From: Rafia Sabih <rafia(dot)pghackers(at)gmail(dot)com>
To: Robert Haas <robertmhaas(at)gmail(dot)com>
Cc: Andy Fan <zhihuifan1213(at)163(dot)com>, PostgreSQL Hackers <pgsql-hackers(at)lists(dot)postgresql(dot)org>
Subject: Re: Bypassing cursors in postgres_fdw to enable parallel plans
Date: 2025-11-14 16:06:08
Message-ID: CA+FpmFfKtaRHcZ=tVQPRt0qt7xMGCotgbWZ9H0fpLoKA8=ZJjA@mail.gmail.com
Views: Whole Thread | Raw Message | Download mbox | Resend email
Thread:
Lists: pgsql-hackers

On Fri, 10 Oct 2025 at 22:02, Robert Haas <robertmhaas(at)gmail(dot)com> wrote:
>
> On Mon, Sep 29, 2025 at 10:51 AM Rafia Sabih <rafia(dot)pghackers(at)gmail(dot)com>
wrote:
> > I am back at this work with a rebased and revised patch. The new
version is rebased and has a change in approach.
> > Whenever we are using non-cursor mode, for the first cursor we are
always saving the tuples
> > in the tuplestore, this is because we do not have any means to know
beforehand how many cursors are required for the query.
>
> This might have the advantage of being simpler, but it's definitely
> worse. If we're only fetching one result set, which will be common,
> we'll buffer the whole thing in a tuplestore where that could
> otherwise be avoided. Maybe it's still best to go with this approach;
> not sure.
>
> > And when we switch to the next query then we do not have a way to fetch
the tuples for the previous query.
> > So, the tuples retrieved earlier for the first query were lost if not
saved.
> > I would highly appreciate your time and feedback for this.
>
> My suggestions are to work on the following areas:
>
> 1. Automated testing.

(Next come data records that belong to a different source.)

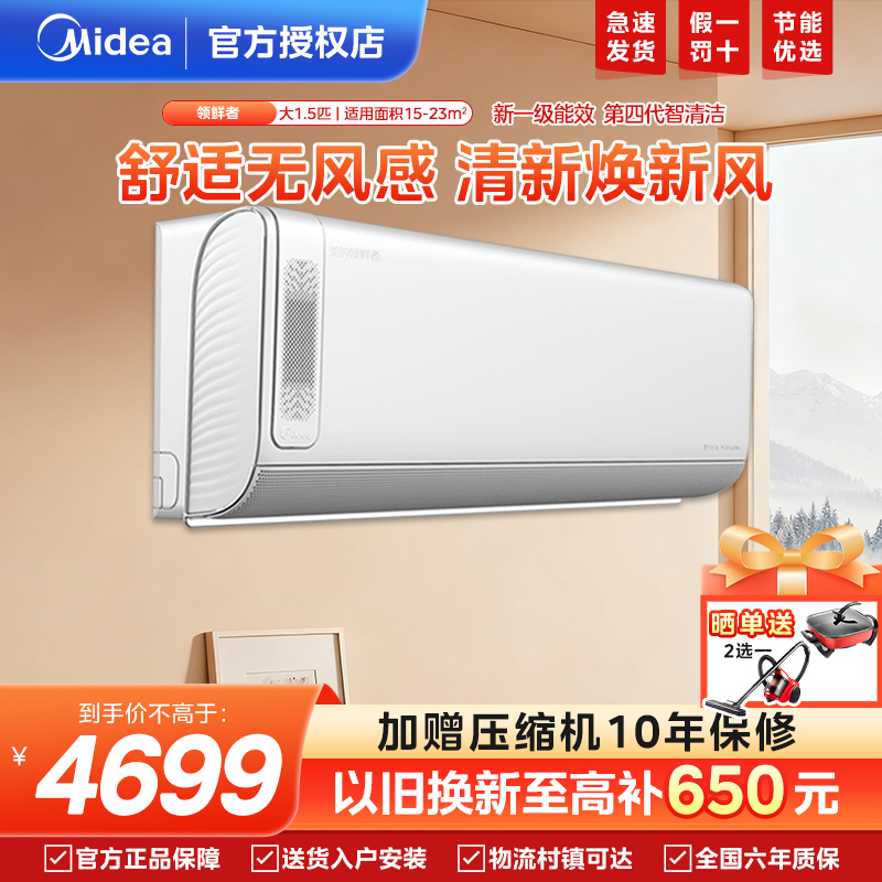 美的空调1.5匹一级能效新风冷暖变频卧室除醛鲜氧循环静音挂机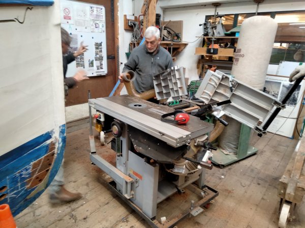 Marcus nous montre comment surfacer les bordés. Nous nous y mettons avec Yves.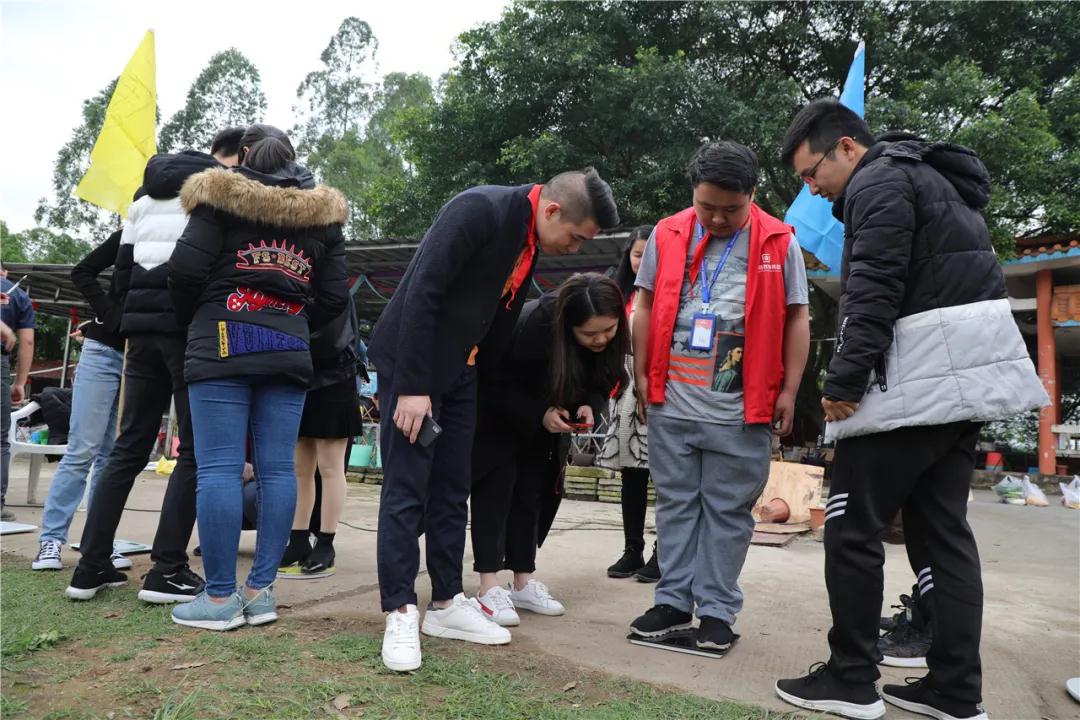 游戲規(guī)則:每隊(duì)只有1分鐘商量,以442斤為基數(shù),湊人數(shù)稱重量,實(shí)際斤數(shù)與442斤基數(shù)越接近的團(tuán)隊(duì)可以優(yōu)先選擇燒烤食材(燒烤食材限份數(shù))。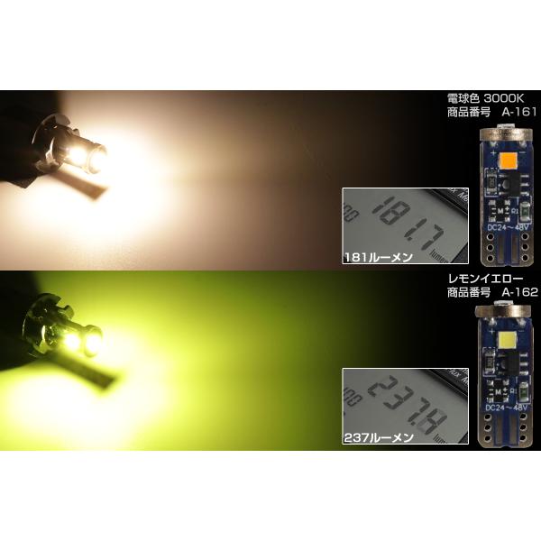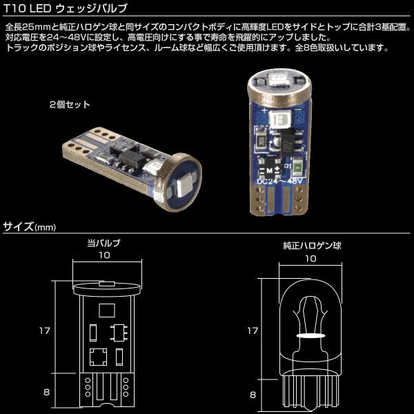 24V用 T10 LED ウェッジバルブ 2個セット 小型 3SMD搭載 ポジション ライセンスランプ等に A-155-162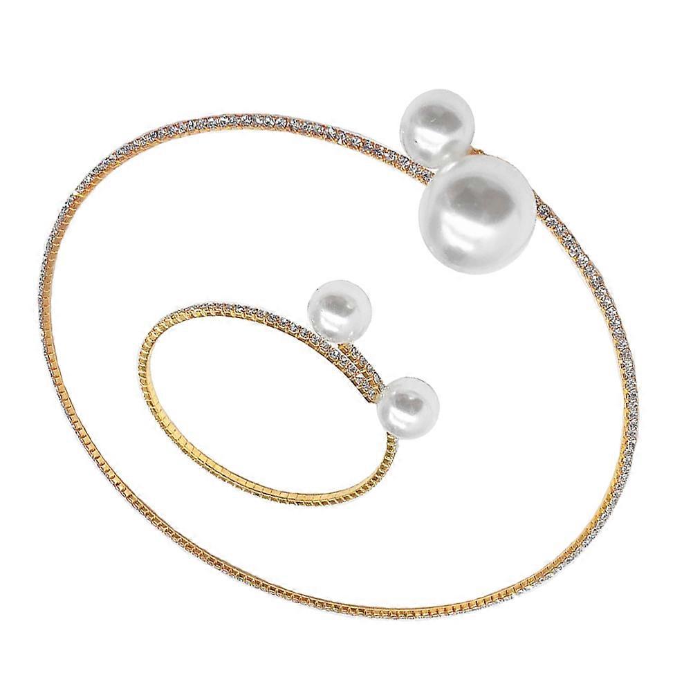 2Pcs Pearl Hand Chain Necklace Set Ladies Fashion Pearl Bracelet Bride Jewelry Neck Choker Wedding Dress Accessory (Golden)

The patch has no regression tests, and won't get
> committed without those.
>
> 2. Manual testing. How does the performance with this new option
> compare to the existing method? The answer might be different for
> small result sets that fit in memory and large ones that spill to
> disk, and will certainly also depend on how productive parallel query
> can be on the remote side; but I think you want to do and post on this
> list some measurements showing the best and worst case for the patch.
>
> 3. Patch clean-up. There are plenty of typos and whitespace-only
> changes in the patch. It's best to clean those up. Running pgindent is
> a good idea too. Some places could use comments.
>
> --
> Robert Haas
> EDB: http://www.enterprisedb.com

Thank you Robert, for reviewing this patch. On going through the patch
more, I realised this was not equipped to handle the cases when there are
more than two active cursors. So to accommodate such a case, I now modified
the new struct for saving the previous query to a list of such structs.
Also, it turns out we need not to save the tuples in case this is an active
cursor, so we only populate the associated tuplestore only when we need to
create a new cursor when the old cursor is not completely done.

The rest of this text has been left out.